Les piscines publiques enregistrent aussi une baisse de fréquentation depuis quelques années, alors que l'on observe une hausse de 14 % de l'installation de piscines privées en 2019. Le développement d'équipements tels que les home cinemas, vélos d'appartement et liseuses participe de cette tendance à l'individualisation des loisirs.
Pareils investissements ne sont cependant pas à la portée de toutes les bourses. Ceux qui en ont les moyens y trouvent un confort que ne peuvent leur offrir les infrastructures partagées, et c'est peut-être la raison de leur choix. Ils ne renoncent pas au sport ou à la culture, mais s'y adonnent autrement.
Pour d'autres qui ne jouissent pas d'une telle aisance financière, la désertion des lieux culturels et des espaces communautaires indique toutefois qu'ils ont potentiellement laissé tomber ces activités. Le prix à la hausse des tickets et des abonnements est sans doute en partie la cause de cet abandon.

Et la santé dans tout ça ?

Que deviennent le sport et la culture si une telle évolution se confirme ? En 2023, la crise énergétique ne fait qu'accentuer la tendance : les établissements publics sont contraints de réduire leur offre ou d'augmenter leurs tarifs. Risque-t-on de voir fermer théâtres, cinémas et complexes sportifs ? Leur caractère essentiel a fait débat lors des confinements. Certes, la santé prime… Mais ces activités extérieures ne contribuent-elles à une bonne santé, justement ?

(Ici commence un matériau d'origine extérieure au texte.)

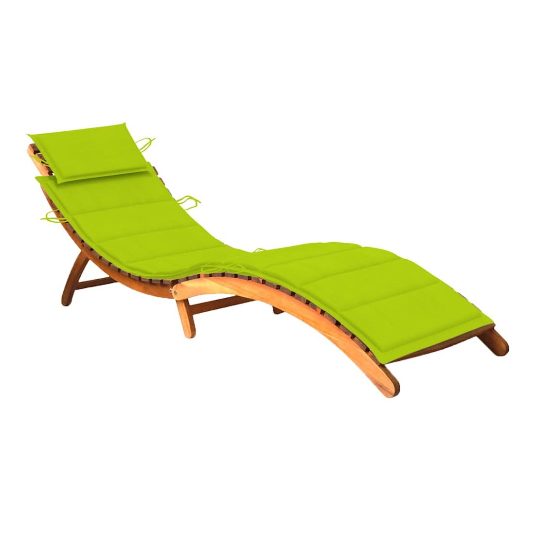 Détendez-vous et reposez-vous dans votre jardin ou sur votre patio sur cette confortable chaise longue en bois ! Vous pouvez passer un après-midi de détente dans votre propre espace extérieur ! Elle est parfaite pour une piscine, un balcon, un jardin, etc. Cette chaise longue d'extérieur est fabriquée en bois d’acacia massif, ce qui la rend robuste et stable. Le lit de repos présente une forme incurvée ergonomique, vous permettant de vous allonger et de vous détendre pleinement. Ce transat peut être replié lorsqu'il n’est pas utilisé. Le coussin avec appui-tête ajoute un confort supplémentaire pendant que vous vous prélassez. Chaque coussin comprend six ensembles de cordes pour que vous puissiez le fixer solidement sur la chaise longue.
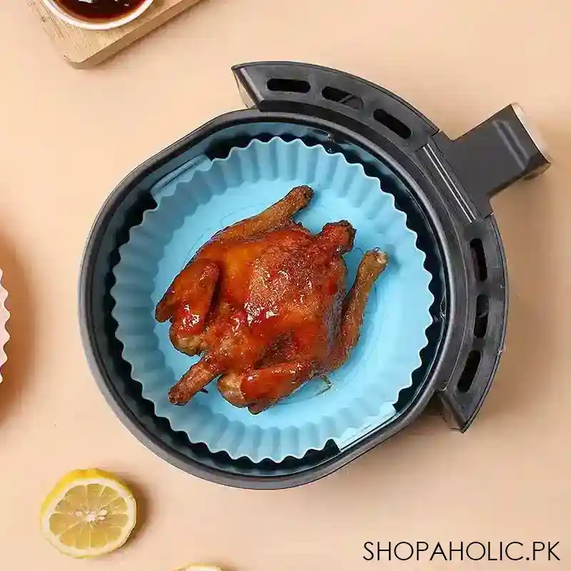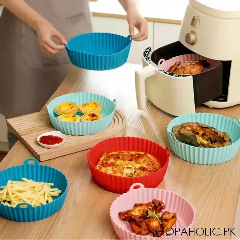 The tray is designed to fit inside the air fryer basket and comes in various sizes and shapes to fit different air fryer models. Its non-stick surface allows for easy food release and cleanup, while its heat-resistant properties allow it to withstand high temperatures, making it suitable for use in the oven, microwave, and freezer.

À moins que ces nouvelles tendances ne traduisent un simple retour de balancier après plusieurs décennies passées à sortir, se divertir et (se) dépenser bien plus que nous n'en avons réellement besoin ? Comme le rappelle le Dr Vicente Saavedra de la clinique de médecine intégrale de Barcelone, interrogé dans El País (8) : "Nos cellules et nos organes ont besoin de repos pour se régénérer. Certes, se divertir de temps en temps est nécessaire, mais si le divertissement devient un mode de vie, c'est absolument néfaste, physiquement et mentalement."
Il y a un équilibre à (re)trouver entre créer du lien social et s'aménager des moments pour soi, entre se dépenser physiquement et se reposer, entre se distraire l'esprit et prendre un temps de réflexion. Et ce juste milieu n'est pas nécessairement le même pour chacun.
Encore faut-il que le nesting résulte d'un choix personnel et ne soit pas la conséquence d'inégalités socio-économiques croissantes.